Registration Dossier

Administrative data

Description of key information

Key value for chemical safety assessment

Skin sensitisation

Endpoint conclusion
Endpoint conclusion:
adverse effect observed (sensitising)
Additional information:

In a fully compliant Buhler assay, induction exposures were performed using the substance at 10% (first epidermal induction) and 5% in mineral oil (second and third induction). For challenge a concentration of 2.5% in mineral oil was used while re-challenge was performed using 2.5% and 1% concentrations. Clear evidence that skin sensitisation has occurred was obtained at challenge, where 19 and 17 out of the 20 treated animals showed dermal reactions of degree 1 after 24 and 48 hrs, respectively, and at re-challenge at 1%, where 14 and 12 out of the 20 treated animals showed skin reactions of degree 1 or 2 after 24 or 48 hrs, respectively. Dermal reactions in naïve control animals were always limited to degrees 0 or +/-.
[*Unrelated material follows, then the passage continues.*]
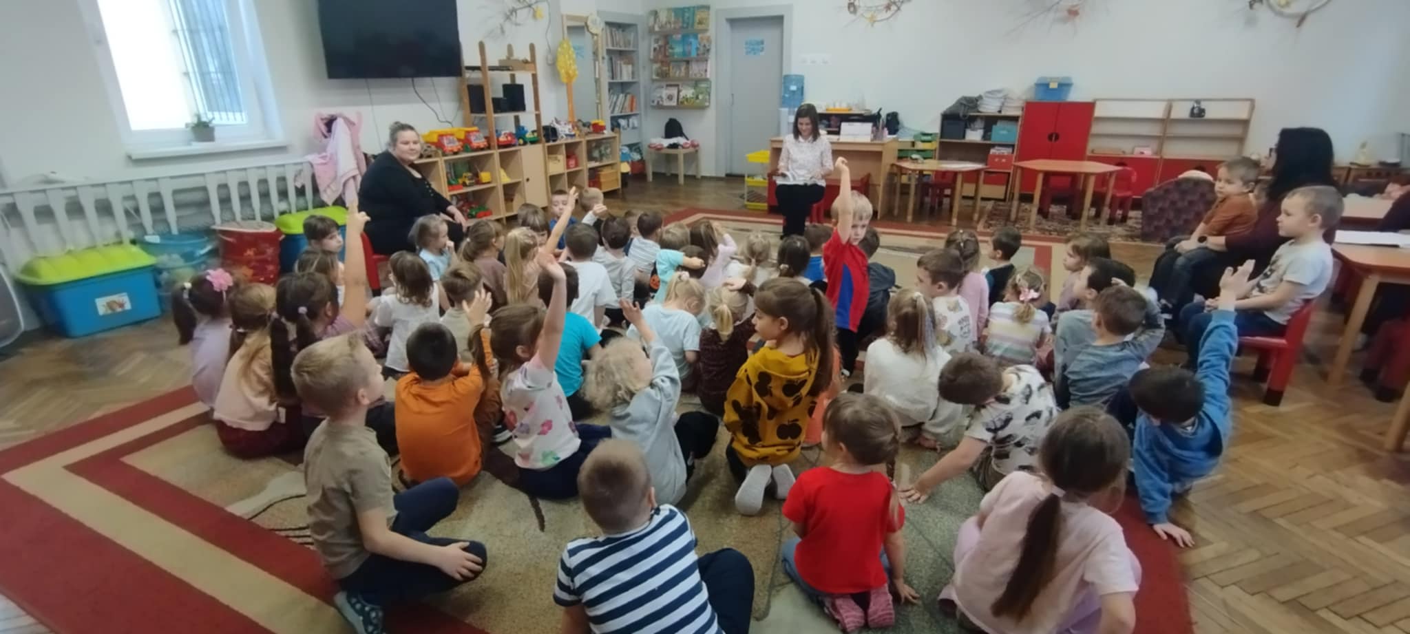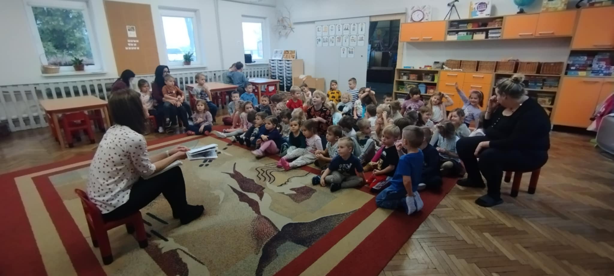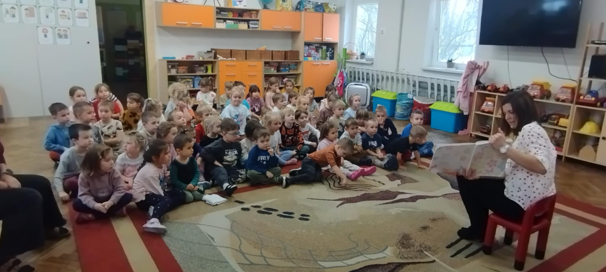 Przedszkolaki z zaciekawieniem śledzą ilustracje i wydarzenia z książki.

Migrated from Short description of key information:
The following information is available for the sensitisation endpoint:

Rodabaugh D.D. (2008e) A sensitization study of AS305BD administered by the dermal route to Guinea pigs •Modified Buehler design•. Testing laboratory: Charles River Laboratories, Preclinical Services. Report no.: LMT00072. Owner company: Chevron. Report date: 2008-02-20.

This study has been rated as 1 under the Klimisch scoring system and so is considered to be sufficient to address this endpoint.

Respiratory sensitisation

Endpoint conclusion
Additional information:

No data available.

Justification for classification or non-classification

The substance is a skin sensitizer and requires labelling with R43 – May cause sensitisation by skin contact. A

ccording to the GHS, the substance is assigned to skin sensitisation Category 1 (H317) and requires the signs of warning.